Закладный встрепенулся, с изумлением поднял голову, а уразумев, в чем дело, снова погрузился в чтение.
Президент перечислил, какие приглашения поступили в адрес славного комитета.
– Вымогательство! – наклонился Петрович к Цуцаку.
– Вот-вот, – кивнул Цуцак.
Членов комитета приглашали на всевозможные этнографические выставки, манифестации за мир, званые вечера «Женского национального совета», на бал республиканских женщин, на учения пожарников, собрания пастушьих кооперативов и съезды.
– Я объявляю это, господа, на случай, если кто из вас пожелает…
– Пусть идут те, кто ближе живет, – вырвалось у Цуцака, представителя Земплинского округа – тучного, коренастого весельчака с добродушным красным лицом, редкими волосами и торчащими усами. Сдув с бумаги пепел от сигары на своего соседа Петровича, он показал на него чубуком:
– Или вот Петрович пускай отправляется, его на все хватит.
– Предлагаю Цуцака, – отказался от почетной миссии Петрович. – Он любит поговорить.
Постановили – билеты купить, заплатить побольше, но желающим поехать дорогу не оплачивать.
– Жалоб и интерпелляций не поступало, – объявил президент.
Потом зачитали, сколько миллионов долга у Словакии, сколько наличных денег и сколько сотен нерассмотренных и нерешенных дел.
– Есть замечания?.. Нет?.. Принимается… Кто желает высказаться, прежде чем приступим к повестке дня?
Мангора поднял три пальца.
– Пожалуйста, пан Мангора.
О Мангоре, референте по социальным вопросам, мы уже упоминали.
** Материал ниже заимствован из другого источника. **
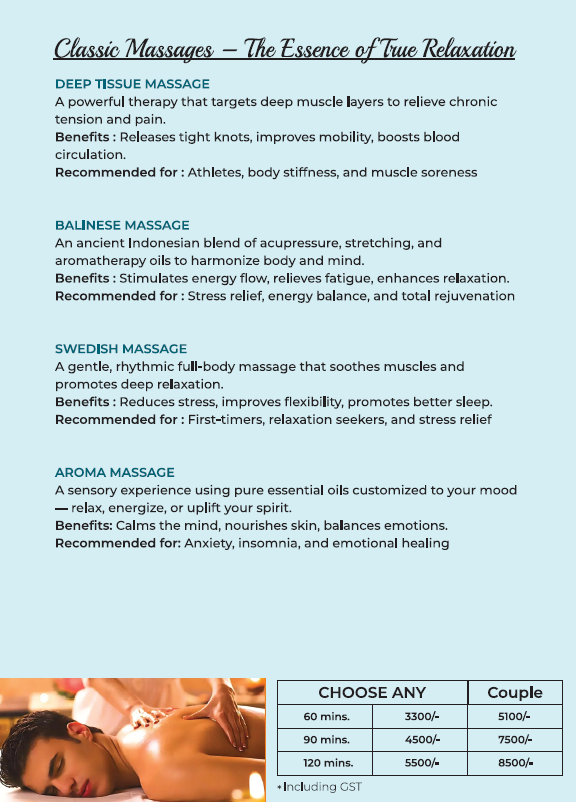 A calming massage experience designed for couples to unwind together in a private room. 60 Minutes - ₹5,800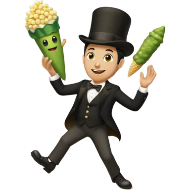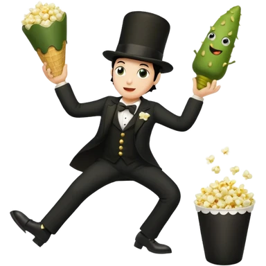 Popcorn cone traffic dancing 3 legs 2 on the floor his 3rd arm is holding his 3rd leg and 1 pickle dipped in ranch on his black top hat emoji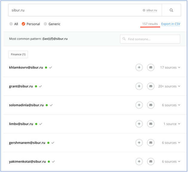 LinkedIn. Если адреса нет, помогут сервисы hunter.io или snov.io — проверяем корпоративный
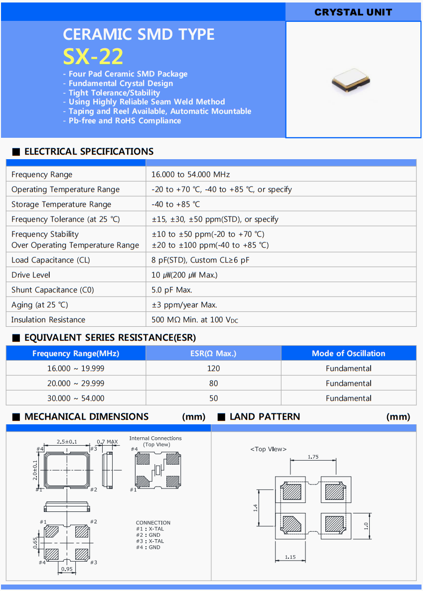 | 負(fù)載電容 | 8 pF(STD), Custom CL≥6 pF |

Он был редактором, к тому же столпом социал-демократической партии, следовательно – левый и, по его собственному утверждению, – впрочем, это говорили о себе все левые, – прогрессивным деятелем. Молодой еще, небольшого роста, безусый, с блеклыми волосами и добродушным, полным лицом здоровяка, он всегда готов был улыбнуться, удивиться или растерянно-недоуменно посмотреть на президента, на заседающих, на делопроизводителей, словно вопрошая: «Разве? А вы что скажете? Странно. Вы же знаете, что это не так». Сам насмешник, он болезненно воспринимал шутки в свой адрес, любил выступить и за дельность своих речей считался одним из наиболее серьезных членов комитетов.
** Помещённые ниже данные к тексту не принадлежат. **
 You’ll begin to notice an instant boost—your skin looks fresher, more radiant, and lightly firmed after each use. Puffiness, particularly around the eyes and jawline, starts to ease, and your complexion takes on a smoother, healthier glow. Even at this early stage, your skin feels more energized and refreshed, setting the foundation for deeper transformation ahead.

– Чем пахнет на этот раз? – заерзал президент и повернулся вполоборота к доктору Кияку.
– Опять, верно, больницами, – ответил Кияк, не глядя на президента.
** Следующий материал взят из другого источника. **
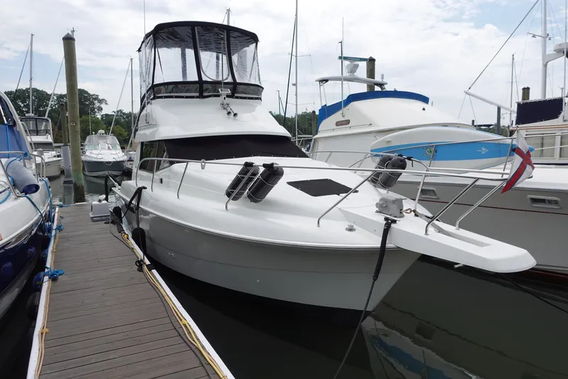 Many appreciate the boat's solid construction and reliable performance, praising its smooth handling and stability on the water. The convertible design is frequently noted for providing a versatile cockpit area that can be enjoyed in various weather conditions. Additionally, users value the ample storage space and well-equipped galley, which enhance the overall boating experience. Some mention that while the boat shows its age in certain finishes, it remains a dependable and enjoyable vessel for families and fishing enthusiasts alike.

– Вряд ли. Больницы в порядке. Я их недавно ревизовал.
И действительно – на этот раз попахивало «Азилом», заведением «для психически дефективных детей».
– Я получил письмо, – Мангора вытащил его из большого желтого портфеля с застежками, – о том, что положение детей в «Азиле» ужасающее. Дети грязны до черноты. Галлюцинируют от голода. Животы у них распухли. Они завшивели, покрылись струпьями… Я тотчас же вскочил в автомобиль управления… И вот, пожалуйста, – он на минутку отвлекся от предмета разговора. – Кого обслуживает автомобиль управления? Чиновников или членов комитета?
– Разумеется, членов комитета, – удивился президент.
Мангора оглянулся на присутствующих. «Вы слышите?» – говорил его взгляд.
– Не знаю, – продолжал он после паузы, – я думаю, что ездят и другие, причем с семьями… Но сейчас это вопрос второстепенный…
– Нет, не второстепенный, – нахмурился президент, – скажите, кто, я хочу знать фамилии. Еще подумают на меня. А я эту машину за тридцать шагов обхожу.
– Рад служить, пан президент… Я бы немедленно вскочил в машину, но пришлось ждать, пока этот господин вернется из «Гринавы»…
– Американская корреспондентка, – пояснил Гомлочко, распоряжавшийся машиной, – хотела увидеть национальные костюмы.
– В «Гринаве»? Что вы болтаете? В «Гринаве» пьют.
– Это ее муж интересовался нашими винами, – изворачивался главный советник.
Все засмеялись, но президент сохранил серьезный вид.
– После заседания вы дадите мне объяснения… Продолжайте, пожалуйста.
– Я решил проверить на месте, так ли это, – снова взял слово Мангора. – Дергаю колокольчик. Никакого впечатления. Стучу. Опять ничего. Это показалось мне подозрительным. Наверное, думаю, прячут детей или моют. Не открывают, чтоб выиграть время. На помощь пришел наш шофер. «Пошли, говорит, через часовенку». Он в таких делах собаку съел. Входим во двор. Нас задержали, но потом впустили. Ну, думаю, насмотримся мы тут на свинство! Я обошел все помещения, коридоры, комнаты, углы, обследовал кровати, белье, солому в тюфяках, кухню, кладовую и ничего предосудительного не нашел. Всюду образцовая чистота, уход, кладовые полны припасов. Результат моих изысканий и исследований – две вши у двоих детей. И только…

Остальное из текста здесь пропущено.